» Given data:
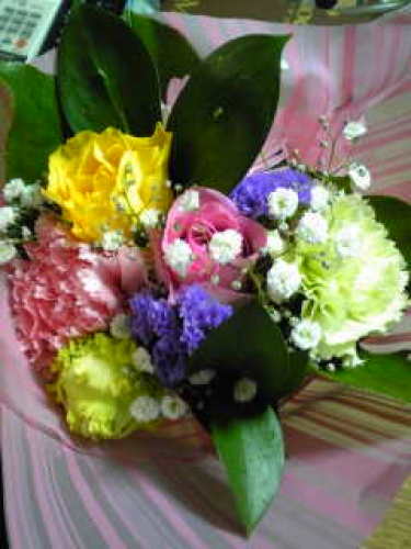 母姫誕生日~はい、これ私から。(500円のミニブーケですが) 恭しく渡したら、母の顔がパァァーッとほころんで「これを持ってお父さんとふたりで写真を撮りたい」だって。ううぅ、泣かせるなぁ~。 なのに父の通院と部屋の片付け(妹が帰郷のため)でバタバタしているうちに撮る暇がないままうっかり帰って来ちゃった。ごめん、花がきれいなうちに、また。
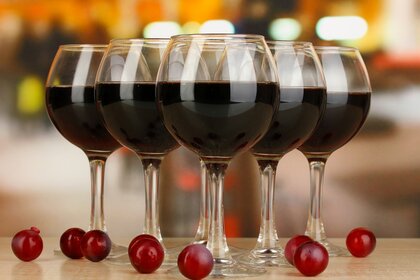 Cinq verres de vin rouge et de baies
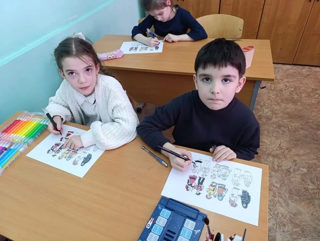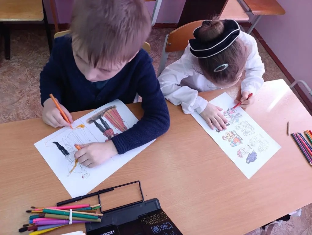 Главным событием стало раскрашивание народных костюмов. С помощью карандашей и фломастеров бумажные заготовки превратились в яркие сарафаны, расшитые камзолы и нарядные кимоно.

» What the task asks: Make an exact printout of the listing above, omitting the images.

» Task result:
 母姫誕生日~はい、これ私から。(500円のミニブーケですが) 恭しく渡したら、母の顔がパァァーッとほころんで「これを持ってお父さんとふたりで写真を撮りたい」だって。ううぅ、泣かせるなぁ~。 なのに父の通院と部屋の片付け(妹が帰郷のため)でバタバタしているうちに撮る暇がないままうっかり帰って来ちゃった。ごめん、花がきれいなうちに、また。
 Cinq verres de vin rouge et de baies
 Главным событием стало раскрашивание народных костюмов. С помощью карандашей и фломастеров бумажные заготовки превратились в яркие сарафаны, расшитые камзолы и нарядные кимоно.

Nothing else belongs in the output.